After the addition of Chance Infinie in 2016, this January Fred launched its third collection, named Pretty Woman. It’s inspired by the Fred-created necklace of rubies and diamond hearts worn by Julia Roberts in the 1990 hit movie of the same name. The new collection includes a star piece — a €280,000 necklace. “This Pretty Woman collection helps us go back to the high jewellery tradition,” Leung says.
Fred recently launched its third collection, Pretty Woman, with actress Emma Roberts as its global ambassador. FRED
Heritage certainly appeals to young Chinese consumers — even better with the additional marketing rocket fuel of a celebrity endorsement. The Pretty Woman collection has engaged two in particular: global ambassador Emma Roberts, niece of Julia Roberts, and China ambassador Guan Xiaotong, a 23-year-old actor with a high profile on Chinese social media.

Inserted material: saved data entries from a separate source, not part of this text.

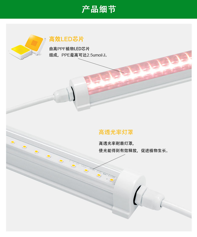 植物灯全光谱36w温室双排补光灯t8防水灯条室内育苗植物水培灯管
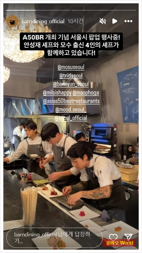 트리플스타는 3일 서울 서초구 세빛섬 무드앵커에서 열린 '2024 A50BR 서울 개최 기념 특별 팝업 행사'에 참여했습니다. 이번 행사에는 안성재 셰프를 포함한 유명 셰프들이 함께 오픈형 키친을 운영하며 손님들과 소통했습니다. 트리플스타는 포토타임에 다소 긴장된 표정이었지만 행사 일정에 적극 참여하며 프로다운 모습을 보였습니다.
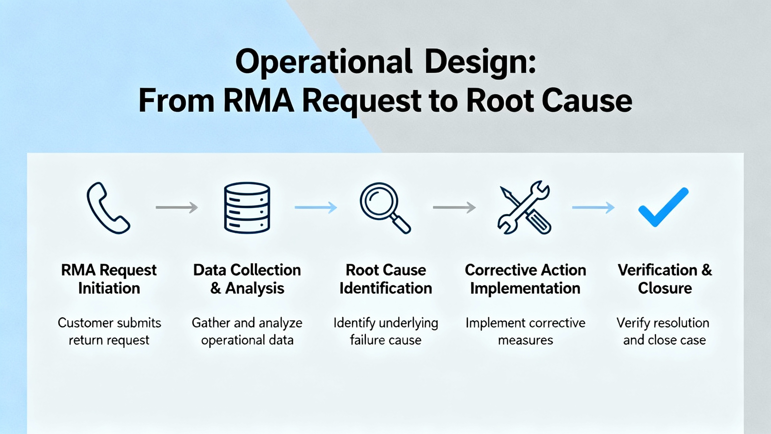 In industrial sectors this is sometimes formalized as a parts return management program. A case study from an automotive OEM described by Intellinetsystem shows what that can look like: engineering teams raise structured return requests with serial numbers and failure codes, return centers validate and communicate with dealers and carriers, and technicians perform mechanical and software diagnostics to capture root cause data. That structure is what lets you turn returns into quality feedback rather than just a cost center.
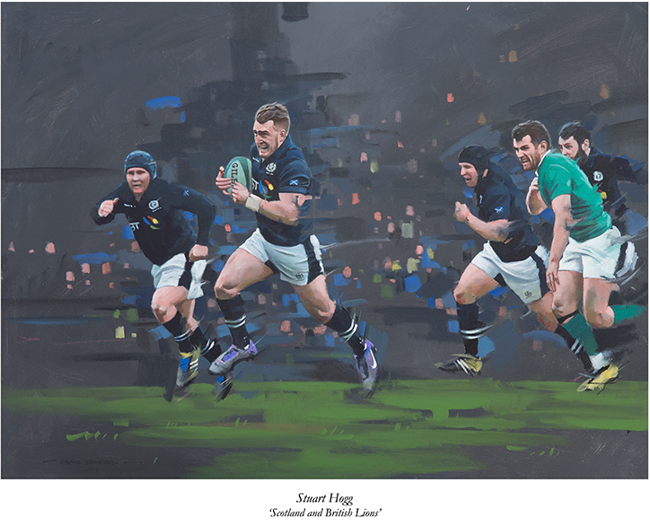 Renowned Scottish artist Craig Campbell, who is a wonderful supporter of the Bill McLaren Foundation created this painting of Stuart Hogg running fast for the line in the opening match of the 2017 Six Nations, when Scotland narrowly won against Ireland 27-22. Stuart scored twice in the game and played an unforgettable man of the match performance. -
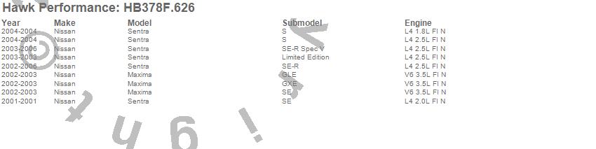 Hawk Performance Disc Brake Pad # HB378F.626 - HPS Performance Street w/0.626 Thickness
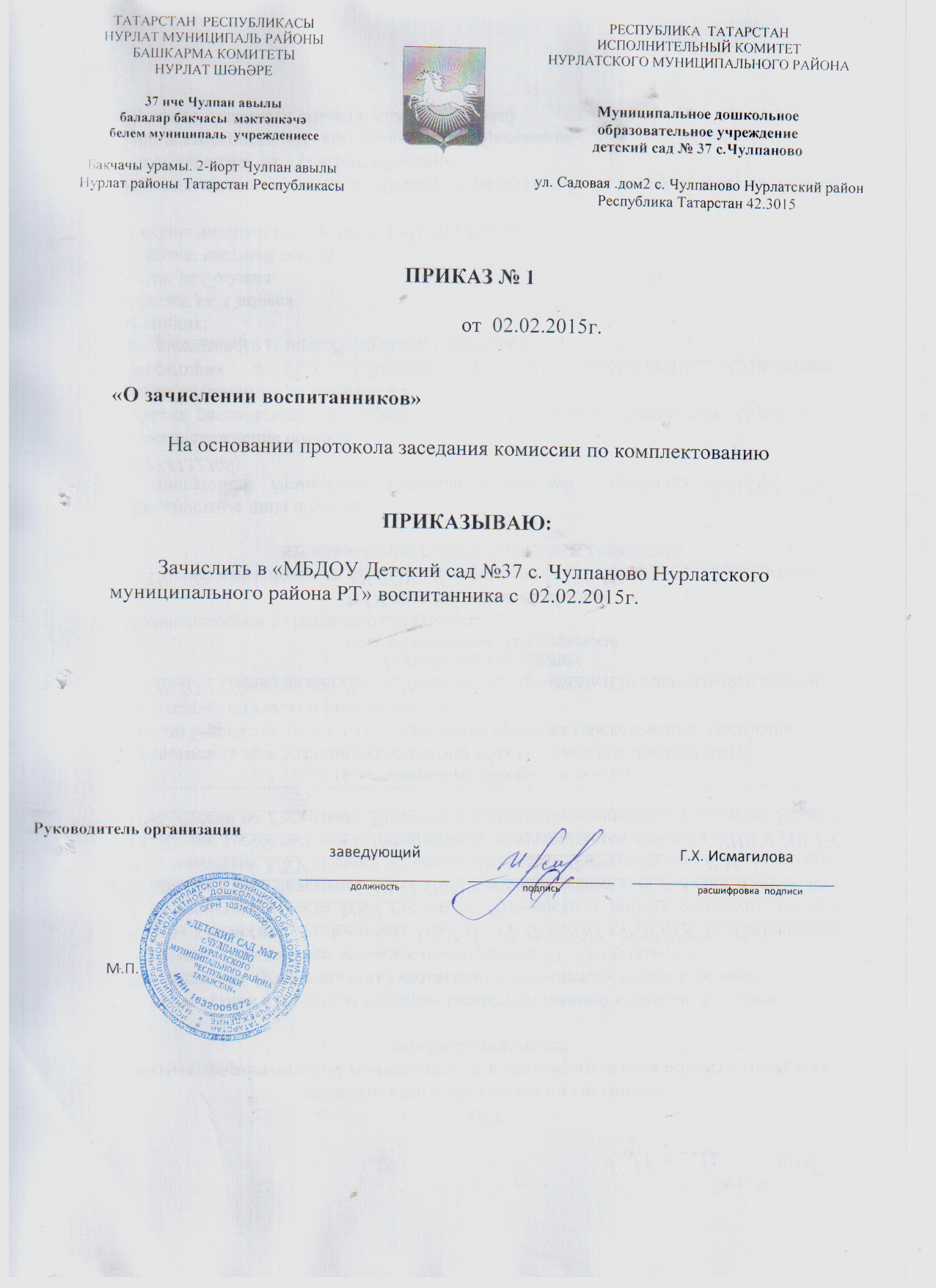 Приказ №1 от 09.01.2017 о зачислении воспитанников на основании протокола заседания комиссии по комплектованию №476 от09.01.2017г и направления отдела образования исполнительного комитета Нурлатского муниципального района РТ
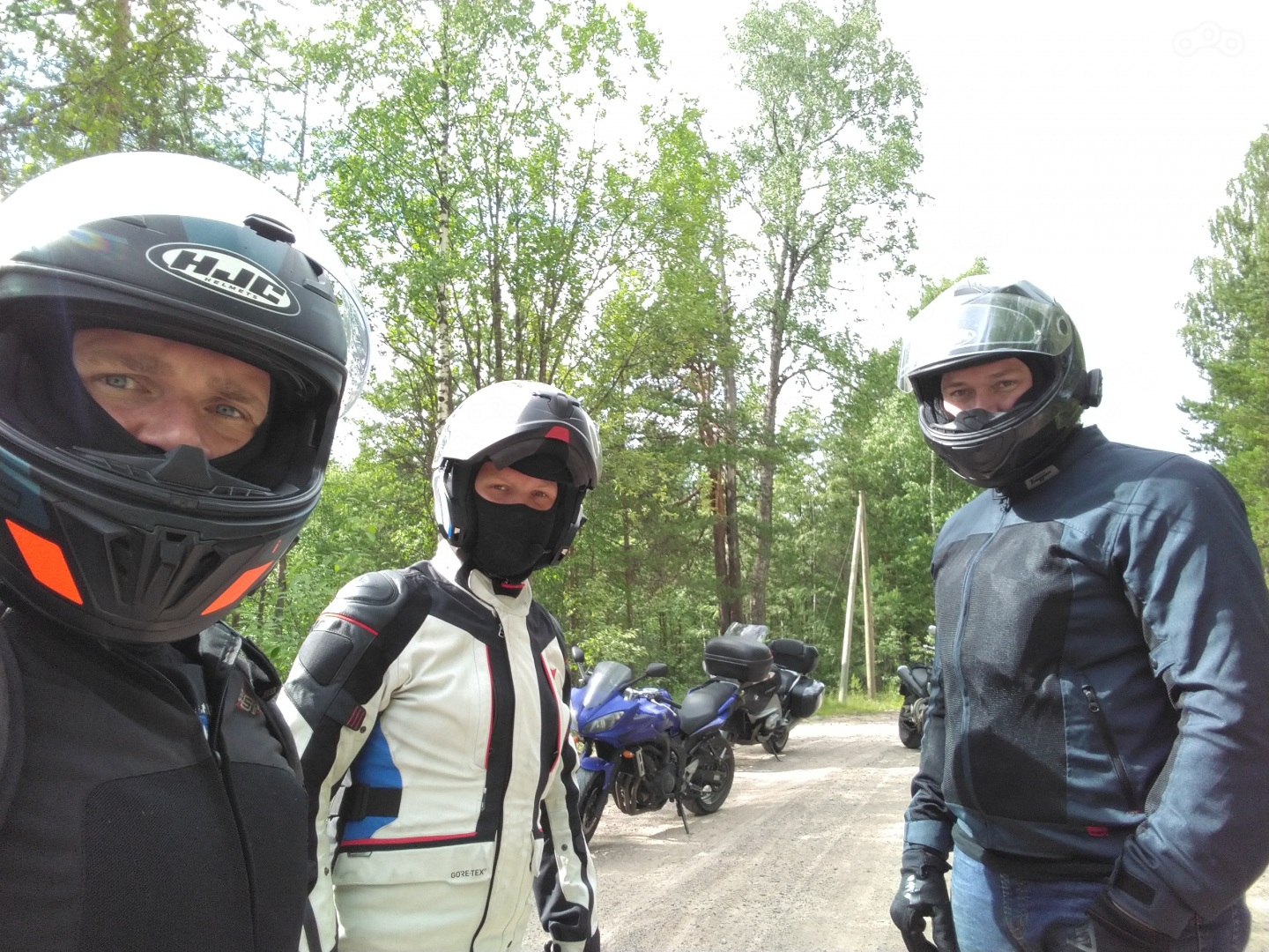 На следующий день планировался большой перегон через карельскую часть маршрута с заездом в пару интересных мест. Выехали рано, едем, ощущая холодное дыхание окружающей дорогу тайги. Моросит. Въезд в Карелию отмечен неожиданным стихийным блокпостом, но дежуривший солдатик оставил мотоциклетчиков без внимания. Постепенно погода прояснилась, а дорога прижалась к ладожскому берегу. И начавшийся серпантин оказался не хуже знаменитого Джубга - Сочи! Повороты, перепады, невозможность понять, что будет за следующим виражом, идеальный асфальт и при этом почти свободно. Настоящий бесплатный аттракцион и возможность понять, насколько ты “chicken”. Из нас троих я начал отставать. Первый раз ощутил, как сильно МТ не любит поворачивать. Чтобы его «завалить» нужно приложить заметные усилия. Вес, длинная база и широкий задний баллон очевидно не самые лучше помощники активному рулению. Да и необходимость постоянно переключаться при отсутствии какой-либо страхующей электроники отвлекает. Риск заблокировать заднее колесо инерцией огромного мотора на переключении вниз перед виражом вполне реален. Но сам процесс захватывает. Мотоцикл очень понятен и уверенно идёт в наклоне. Просто требует полного включения райдера. Хотя возможно дело как раз в нём, привыкшем ездить по прямой. Пока Саня с Тёмой соревновались в лихости, я пытался не отстать и отбивался от некоторых задетых автомобилистов, вспомнивших, что у них тоже есть мотор. Пожалуй, это был самый жёсткий, в хорошем смысле этого слова, дорожный мотопродубас на моей памяти.
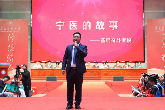 师生合唱环节将气氛推向高潮,大家用歌声传递不舍与祝福,唱出对未来的憧憬与期待。在“宁医的故事——基层奋斗者说” 特别环节,2010级临床医学专业校友、固原市原州区三营中心卫生院副院长扈鹏高走上舞台,目光坚定而饱含热忱,他以自身扎根基层、服务群众的奋斗历程为引,向学弟学妹们深情讲述了那些在偏远地区与患者朝夕相处的日子,那些克服重重困难坚守岗位的时光,无不诉说着个人与国家命运相连的深刻内涵。他鼓励同学们,要勇立时代潮头,把个人奋斗的“小目标”融入国家发展的“大蓝图”,在乡村振兴、基层医疗等祖国最需要的地方,挥洒青春汗水,让青春之花绽放出最绚丽的光彩。
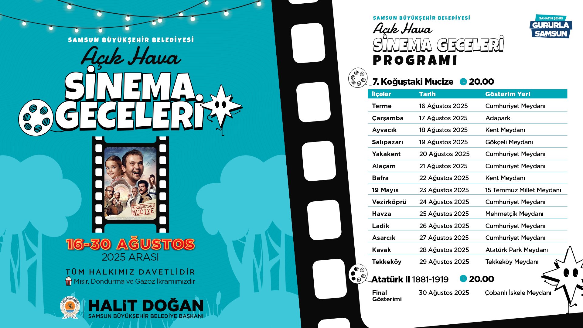 Gösterimi yapılacak olan film ise izleyicilerden tam not almış, duygusal ve etkileyici hikayesiyle dikkat çeken “7. Koğuştaki Mucize” olarak belirlendi. Gösterimler, 16 Ağustos saat 20.00’de Terme Cumhuriyet Meydanı’nda, 17 Ağustos saat 20.00’de Çarşamba Adapark’ta, 18 Ağustos saat 20.00’de Ayvacık Kent Meydanı’nda, 19 Ağustos saat 20.00’de Salıpazarı Gökçeli Meydanı’nda, 20 Ağustos saat 20.00’de Yakakent Cumhuriyet Meydanı’nda, 21 Ağustos saat 20.00’de Alaçam Cumhuriyet Meydanı’nda, 22 Ağustos saat 20.00’de Bafra Kent Meydanı’nda, 23 Ağustos saat 20.00’de 19 Mayıs 15 Temmuz Millet Meydanı’nda, 24 Ağustos saat 20.00’de Vezirköprü Cumhuriyet Meydanı’nda, 25 Ağustos saat 20.00’de Havza Mehmetçik Meydanı’nda, 26 Ağustos saat 20.00’de Ladik Cumhuriyet Meydanı’nda, 27 Ağustos Asarcık Cumhuriyet Meydanı’nda, 28 Ağustos saat 20.00 Kavak Atatürk Park Meydanı’nda, 29 Ağustos saat 20.00’de Tekkeköy İlçe Meydanı’nda gerçekleşecek.
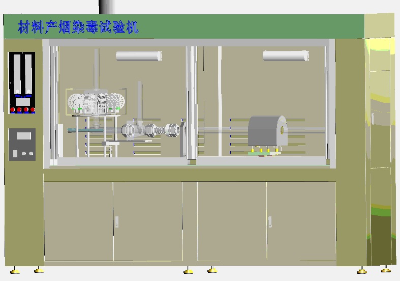 材料在石英管中,經(jīng)等速移動熱輻射加熱形式制取一定濃度的煙氣,模擬實(shí)驗(yàn)動物在煙氣中的染毒試驗(yàn)。在試驗(yàn)當(dāng)中,為了對操作人員及其環(huán)境不產(chǎn)生危害,因此本試驗(yàn)機(jī)安裝在全封閉的一個箱體中,煙氣由排煙機(jī)通過管道排到室外。石英試樣舟有兩種形式放到石英管中,一種是從側(cè)門放入石英管里,另一種是從拉門放入石英管里。這樣能使用戶方便地在實(shí)驗(yàn)室中擺放。該裝置結(jié)構(gòu)簡單,操作方便,外形美觀。
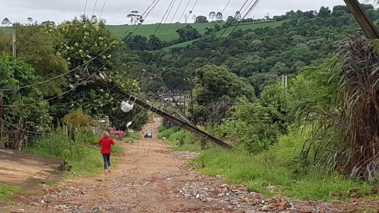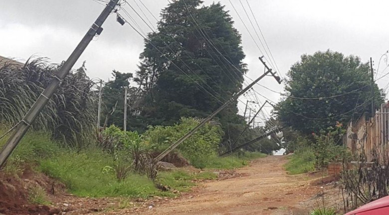 Seis postes da rede elétrica caíram na manhã desta quarta-feira (17), na Rua Cirema Becker, no bairro Shangrila, em Ponta Grossa.

The brand chose Guan Xiaotong not least because she was already a Fred customer. Three years ago, she and her boyfriend posted a single, casual photo on Weibo showing off Force 10 bracelets (without any prior deal with the brand). Fans picked up on it and Force 10 took off in China, Leung explains. Both Roberts and Guan Xiaotong are appearing in videos on a new TikTok account created by Fred to coincide with the collection launch.
In a pandemic, brands like Cartier and Bulgari will always have an edge because of their firepower and as consumers tend to favour top-of-mind brands, notes Mario Ortelli, managing director of Ortelli & Co. But, he adds, “Fred’s focus on a young Asian consumer with a price point that’s attractive to that demographic [together with] their digital marketing efforts pay off.”
Leung is far from complacent. He wants to see rapid growth through 2021 — at least 30 per cent is expected. The first two months, he says, have been “very positive”. Fred’s competitors will be tracking its progress with interest in a post-pandemic world.